The component of velocity along $'X'$ axis is ${v_x}$ and The component of velocity along $'Y'$ axis is ${v_y}$ .
Given, ${v_x} = 40m/s$
$\tan \theta = \dfrac{{{v_x}}}{{{v_y}}}$ where, $\theta = 45^\circ$
$\therefore \tan 45^\circ = \dfrac{{{v_x}}}{{{v_y}}}$
$\Rightarrow {v_x} = {v_y}$ $[\because \tan 45^\circ = 1]$
$\therefore {v_y} = 10m/s$
The equation of motion for the vertical direction i.e. along $'Y'$ axis is, ${v_y} = gt$ [since the initial velocity is zero]
Where $t$ is the required time and $g$ is the gravitational acceleration
Given, $g = 10m/{s^2}$
$\therefore t = \dfrac{{{v_y}}}{g}$
$\Rightarrow t = \dfrac{{40}}{{10}}$
$\Rightarrow t = 4s$

Hence the time when the body is moving, $t = 4s$ .

Note:
-The gravitational acceleration is acting downwards i.e vertically. Hence it has no components along the horizontal direction.

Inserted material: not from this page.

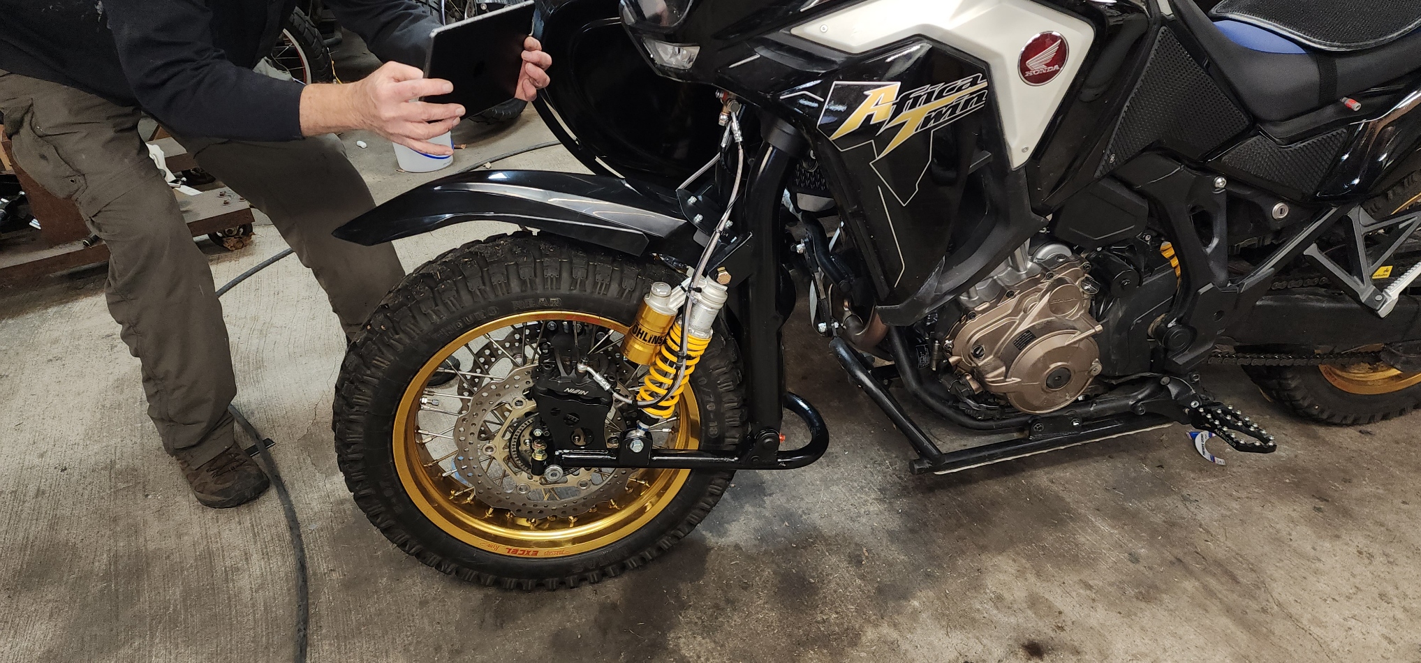 I think a few of you may have seen the build thread I posted on another site, but here are a few pics of the build for what is turning out to be an outstanding Leading Link front end on my 2021 Honda Africa Twin rig. A few also know that I was less than satisfied with the one that came on the rig as part of the original build. Chuck Loftin, out of Eugene OR, built the new one, and I really could not be happier with it. It goes down the road straight, doesn't pull to the right, and seems to handle some reasonably challenging dirt work.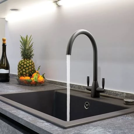 The JTP Blink kitchen sink mixer is guaranteed to add a splash of luxury into your kitchen. The tap comes in a sleek matt black finish and features a swivel spout ideal for twin bowl sinks. Its dual lever handles softly turn to control the desired water flow while the solid construction of the tap ensures a long life and durable product.

Here, $'X'$ denotes the horizontal axis and $'Y'$ denotes the vertical axis .
-So there are no components of acceleration along the $'X'$ axis. Hence the velocity remains the same from the initial position to the final position. That’s why, The component of velocity along $'X'$ axis , ${v_x}$ is a uniform velocity.
-We assume that the body is at rest initially. So we take the initial velocity vertically zero.